Radarwarga.id – Portal Berita Warga dan Informasi Terpopuler – 16 Juli 2026 | Baru-baru ini, sebuah kasus hukum yang tidak terduga telah terjadi di China. Tiga teman diperintahkan oleh pengadilan untuk membayar ganti rugi sebesar 100.000 yuan (sekitar Rp 12 lakh) kepada keluarga seorang teman yang meninggal setelah menghabiskan malam dengan minum dan bermain mahjong.
Insiden ini terjadi di Urumqi pada Oktober 2025. Korban, yang bernama Gao, menghabiskan malam bersama teman-temannya di sebuah ruang mahjong, di mana mereka minum alkohol dan bermain mahjong hingga pagi hari. Setelah itu, mereka pergi ke sebuah hall biliar untuk bermain, tetapi Gao sudah sangat mabuk.
Ketika mereka meninggalkan hall biliar, Gao tidak menyadari bahwa taksi yang mereka tumpangi telah melewati rumahnya. Ia kemudian berjalan kembali ke rumahnya, tetapi sayangnya, ia meninggal tak lama setelah itu.

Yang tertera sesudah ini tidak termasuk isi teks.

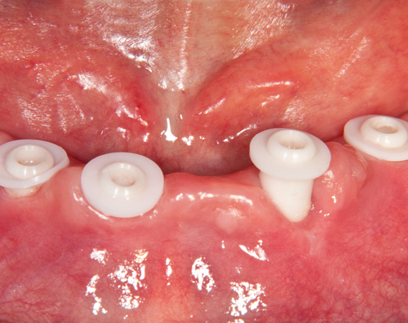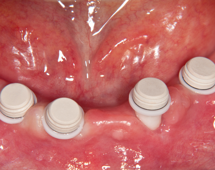 Bild 01: Eingeheilte Zerameximplantate mit Einheilkappen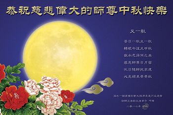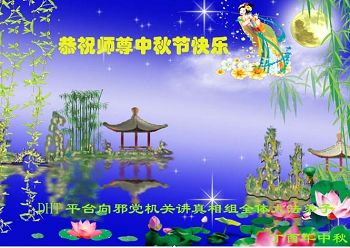 全球电话组营救平台全体大法弟子向慈悲伟大的师父叩拜中秋!恭祝师父中秋节好! 佳节秋月明 天涯共仰月 主佛拯苍宇 法光万象荣 弟子唯精進 三件事为先 整体协调好 多救众生还 海外一组直接针对大陆邪恶進行反迫害、助师正法的大法弟子恭祝慈悲伟大的师尊中秋快乐!

Pengadilan memutuskan bahwa tiga teman Gao tersebut bersalah karena tidak memberikan bantuan yang cukup kepada korban yang sudah sangat mabuk. Kasus ini telah memicu debat online tentang tanggung jawab dalam kasus-kasus seperti ini.
Sementara itu, di New Jersey, ada peringatan tentang penggunaan ponsel saat mengemudi. Menurut hukum setempat, menggunakan ponsel untuk berkomunikasi saat mengemudi dilarang, kecuali dalam keadaan darurat.
Pelanggaran ini dapat dikenakan denda yang cukup besar, yaitu minimal $200 untuk pelanggaran pertama, $400 untuk pelanggaran kedua, dan $600 untuk pelanggaran ketiga, serta kemungkinan penangguhan lisensi.
Di lain pihak, 7-Eleven telah merayakan hari jadi Slurpee yang ke-60 dengan memperkenalkan rasa baru, Confetti Chill Slurpee, yang terinspirasi dari kue ulang tahun.
Perayaan ini juga termasuk acara Slurpee Date, di mana orang dapat berfoto dengan latar belakang yang menarik dan menerima sedotan Slurpee yang telah dihias.
Kesimpulan dari kasus-kasus ini adalah bahwa kita harus lebih berhati-hati dan bertanggung jawab dalam tindakan kita, baik itu dalam bermain mahjong, mengemudi, atau merayakan hari jadi.